Shares in accounting software provider Reckon Ltd fell 3% yesterday after the company’s annual meeting heard the company is seeing improved business conditions in 2011 as demand for its products recovers.
The shares dipped 7c to $2.25 then recovered a touch to end at $2.28 by the close.
That was a loss of 4c or 1.7%, in a market that was quieter than Monday’s madness, but still finished in the red.
Chairman John Thame told the meeting that Reckon was on track to increase annual profit from its $17.2 million result in calendar 2010.
"The prospects for 2011 already show an improvement with the lag of the global financial crisis that hit accounting firms now showing signs of relief and renewed customer interest," Mr Thame said.
Reckon operates three divisions – a business division which sells software through retail outlets, a professional division which offers products to large firms, and the nQueue BillBack division that focuses on the legal profession in the US.
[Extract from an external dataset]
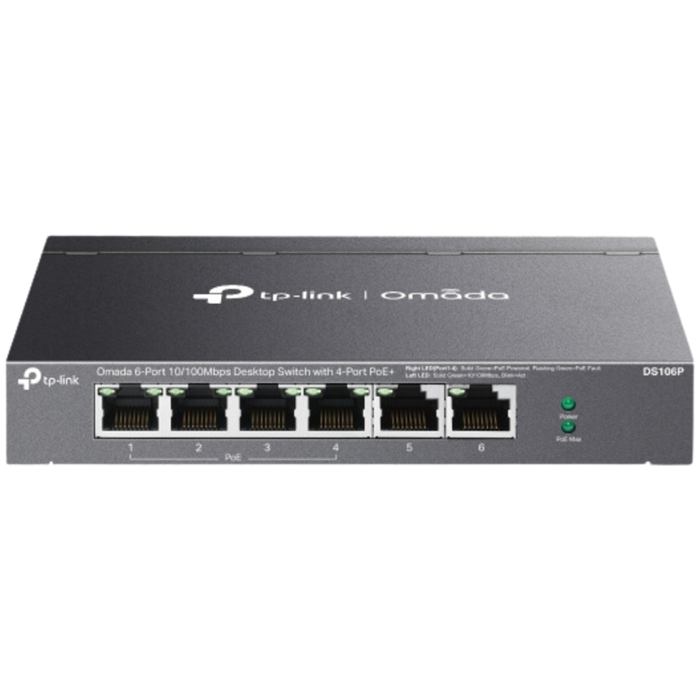 Omada 6-Port 10/100 Mbps Desktop Switch with 4-Port PoE+ PORT: 4× 10/100 Mbps PoE+ Ports, 2× 10/100 Mbps Non-PoE Ports 802.3at/af, 67 W PoE Power, Desktop Steel Case Extend Mode for 250m PoE Transmitt

Mr Thame said, "As far as the opportunities are concerned, we are seeing in the Professional Division that orders for the first quarter of 2011 are well up on the same period in 2010, and we hope to see the delivery of these orders taking place over the rest of this year".
In the business division, Reckon expected strong and steady growth in its QuickBooks products, while the company continues to pursue market share growth in the nQueue BillBack division, Mr Thame said.
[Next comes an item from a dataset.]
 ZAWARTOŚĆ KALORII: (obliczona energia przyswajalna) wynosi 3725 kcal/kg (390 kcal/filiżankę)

Earlier this month, Reckon took a 4.97% stake in Melbourne IT Ltd for $7.3 million, and said it intended to explore a commercial relationship with the web host.
"We can’t really provide much more information at this stage beyond what was announced but can tell you that management presently see Melbourne IT as having a range of products, especially in the IT services area, for example: hosting, e-mail exchange servers, domain security and the like, that present logical accompaniments to the products and services we currently offer small businesses.
"There may also be opportunities for our Professional Division.
"On that basis we thought it made sense to acquire a stake in what might become a strategic partner.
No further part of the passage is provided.